TASK DETAILS: In the copy, include exactly the lines from the one with "Anuj stops the" through the end of the data and no others, both ends kept, with every picture left out.

DATA PROVIDED START

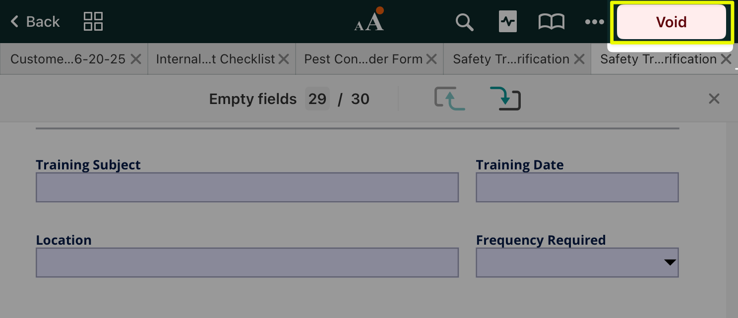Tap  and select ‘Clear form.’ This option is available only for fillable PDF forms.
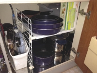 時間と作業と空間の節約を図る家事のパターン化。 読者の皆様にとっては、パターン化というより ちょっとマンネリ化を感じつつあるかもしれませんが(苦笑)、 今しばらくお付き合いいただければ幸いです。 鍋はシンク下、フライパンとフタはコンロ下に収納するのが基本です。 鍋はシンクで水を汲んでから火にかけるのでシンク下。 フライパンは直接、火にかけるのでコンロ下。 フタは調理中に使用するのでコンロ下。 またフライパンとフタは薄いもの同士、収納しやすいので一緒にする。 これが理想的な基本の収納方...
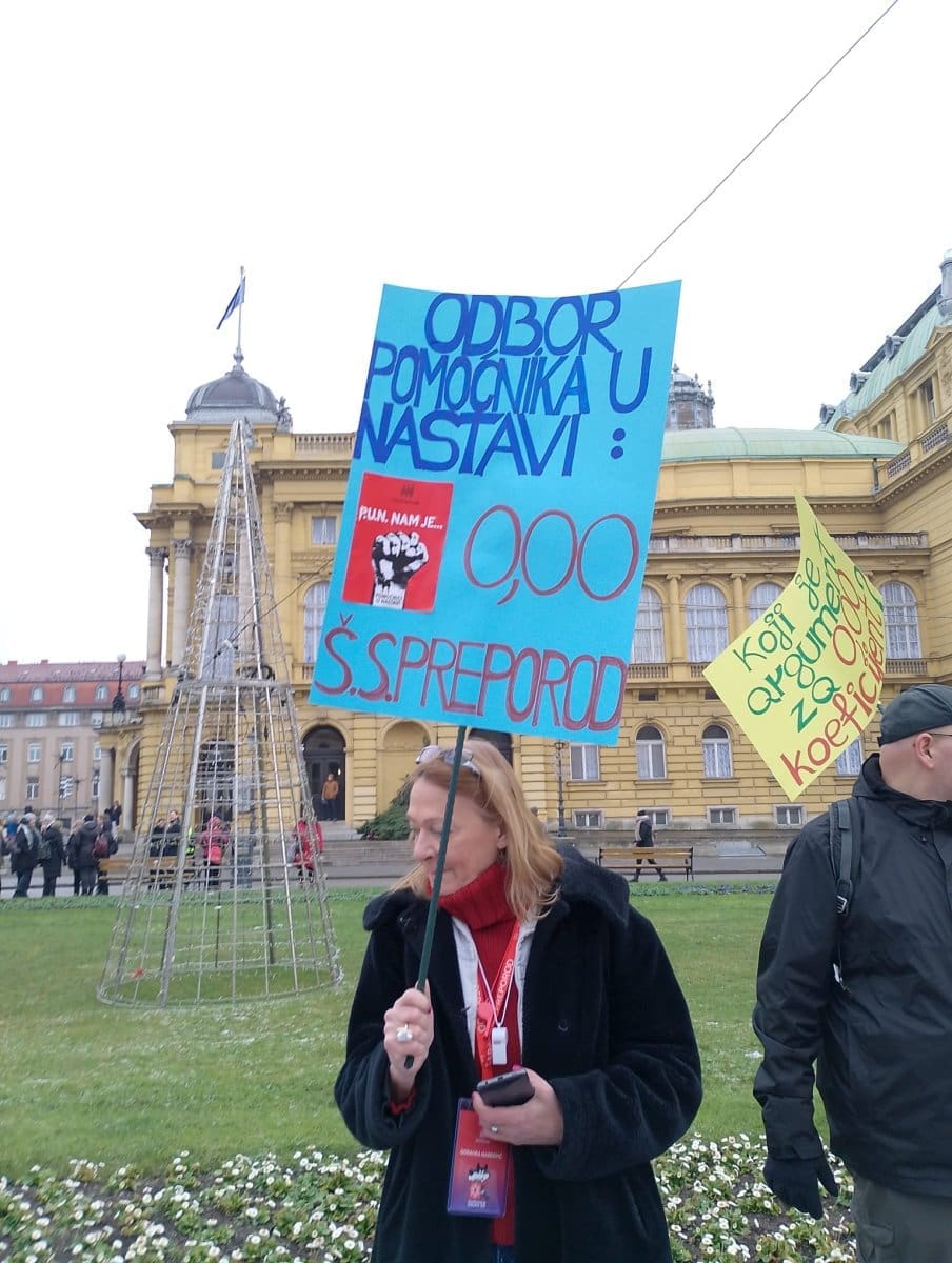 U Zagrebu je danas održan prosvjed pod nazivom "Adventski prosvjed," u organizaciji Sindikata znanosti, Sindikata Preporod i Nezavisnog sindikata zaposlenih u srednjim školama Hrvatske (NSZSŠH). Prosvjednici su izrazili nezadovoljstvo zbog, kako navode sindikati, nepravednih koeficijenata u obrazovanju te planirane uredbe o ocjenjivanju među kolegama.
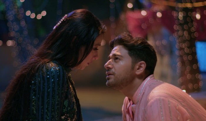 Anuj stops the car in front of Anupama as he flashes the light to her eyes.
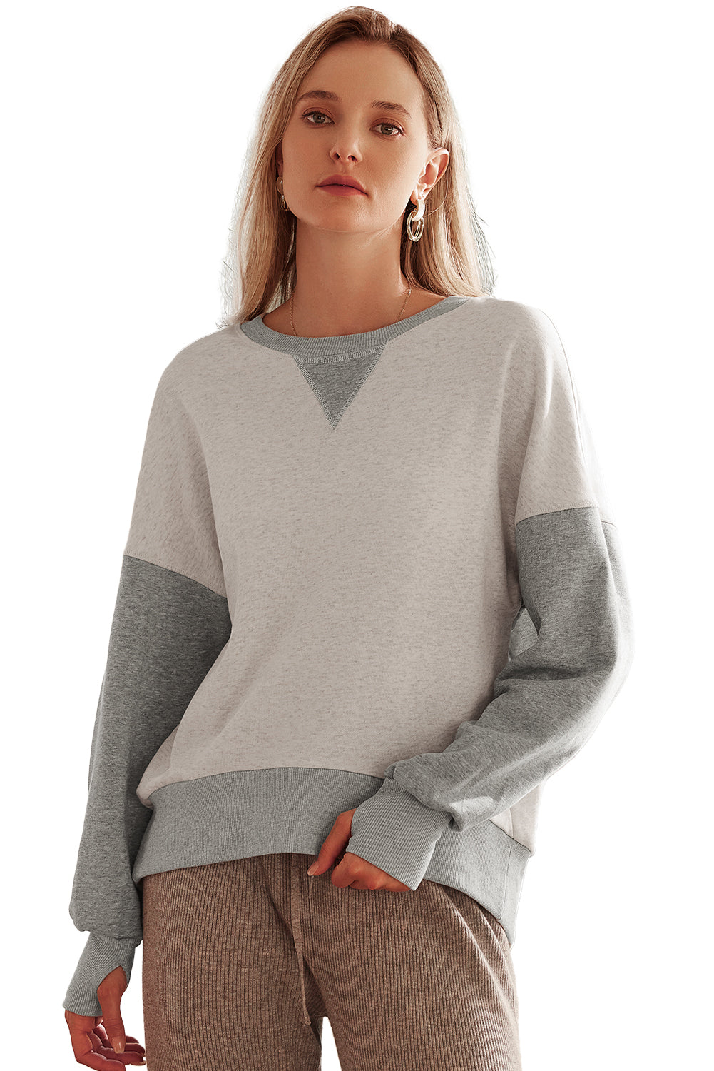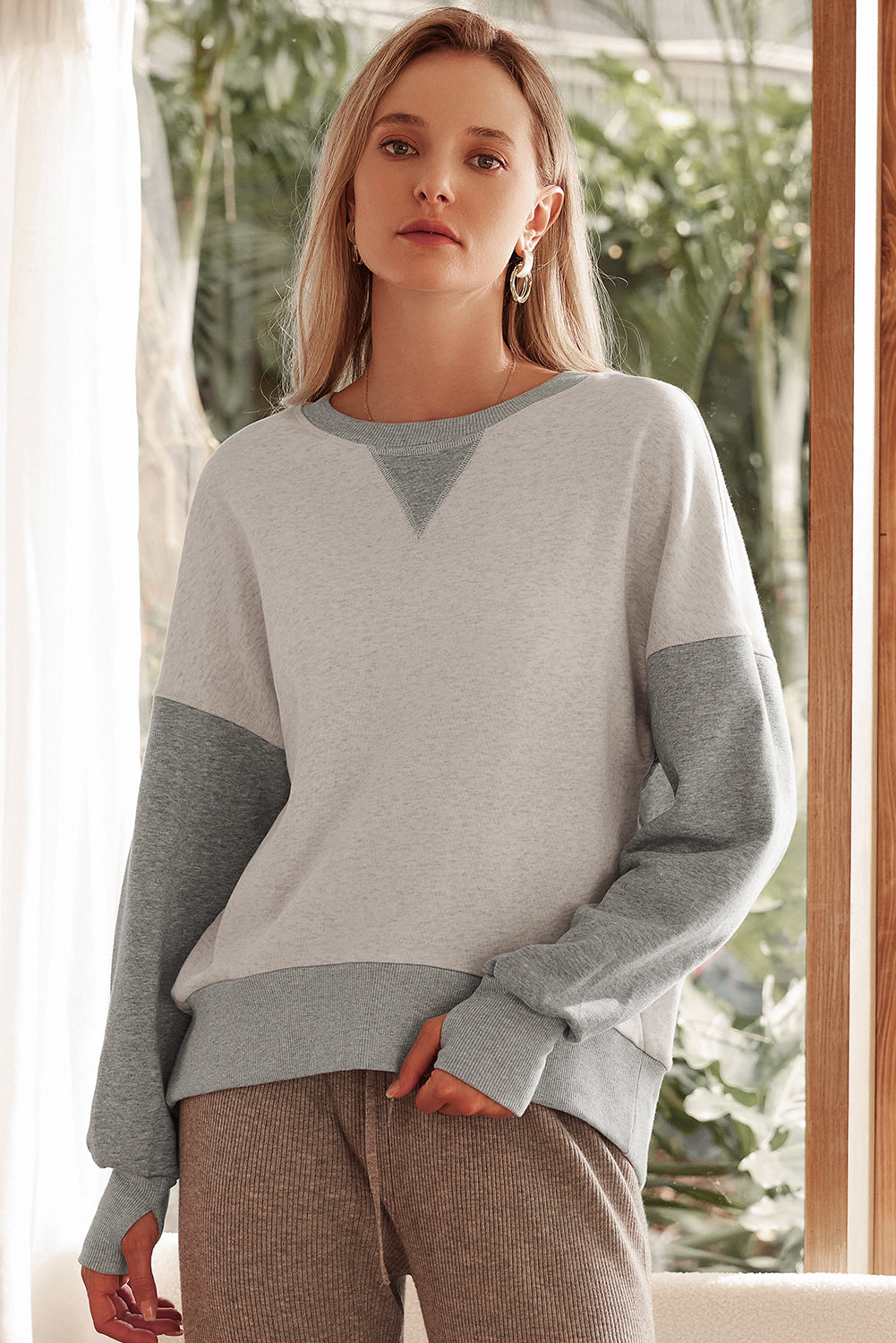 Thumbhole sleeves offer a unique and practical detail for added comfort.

DATA PROVIDED END

REPLY TO THE TASK:
 Anuj stops the car in front of Anupama as he flashes the light to her eyes.
 Thumbhole sleeves offer a unique and practical detail for added comfort.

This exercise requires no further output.